Support for top-level array JSON structured messag...

epselon · 11-01-2024 02:48 PM

Hello,

We have a product that ships log messages to a file in a top level nested JSON array - example:

[{"test": "testing","hostname":"hostname1"},{"test":"testing","hostname":"hostname2"}]

We need a parser that can break out each individual event delimited by the comma to its own event. The built-in JSON parser only recognizes JSON events individually it seems and does not recognize the top level array even though a top level array JSON is valid JSON.

Please assist or point me to a good direction. In Logstash we can use the "split" function to assist with this.

ionutm

You're facing a common challenge with ingesting logs that have a top-level JSON array into Google Cloud's SecOps. SecOps's built-in JSON parser expects individual JSON objects, not an array of them. Here's how we might be able to tackle this:

1. Pre-processing is Key and preferred

The most efficient and recommended approach is to pre-process your logs before they reach SecOps SIEM. This reduces the processing load on SecOps and makes ingestion smoother. Here are a few ways to do that:

Modify the Source: If you have control over the product generating these logs, the ideal solution is to modify it to output each JSON object as a separate event.
Leverage Log Shippers: Use a log shipper like Fluentd or Filebit to split the log entries. These tools offer powerful parsing and transformation capabilities:
- Fluentd: You can use Fluentd's record_transformer plugin with the jq filter to split the array.
- Filebit: Filebit's processors allow you to split events using delimiters or more complex regular expressions.

2. SecOps-Specific Options (Less Ideal)

While pre-processing is preferred, SecOps does provide some options for handling this, although they might be less efficient:

UDM Parser: You could potentially create a custom Unified Data Model (UDM) parser in SecOps to handle the array.
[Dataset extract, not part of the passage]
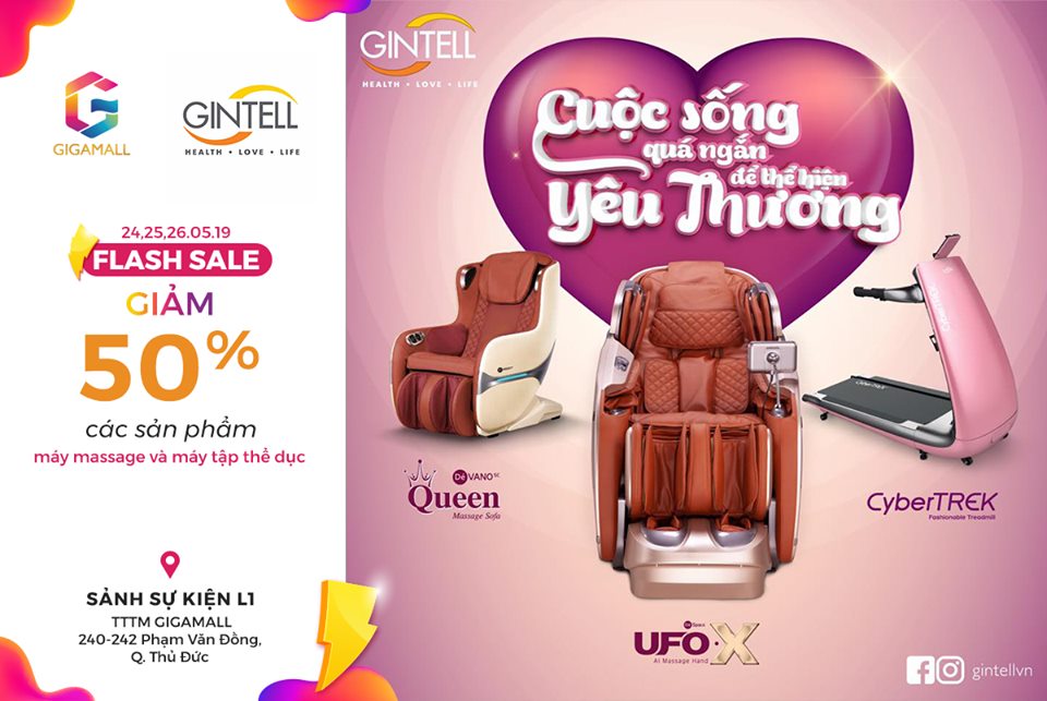 GINTELL DISCOUNT 50% OF MASSAGE MACHINES AND EXERCISE MACHINES AT FLASH SALE DAY FROM 24 TO 26, MAY

However, this can be complex and may not be as performant as pre-processing. You would need to use REPEATED fields in your UDM schema and carefully craft the parser to extract the array elements into separate events. You might want to request this through the official channels to Google Cloud support. It might take a while to have it built.
SecOps Normalization: SecOps's normalization process might be able to help to some extent. If you can configure the normalization to recognize the array structure and extract the individual objects, that could work. However, this depends heavily on the specific structure of your JSON and might not be reliable. Also you might want to request Google Cloud Support to see what it could be done.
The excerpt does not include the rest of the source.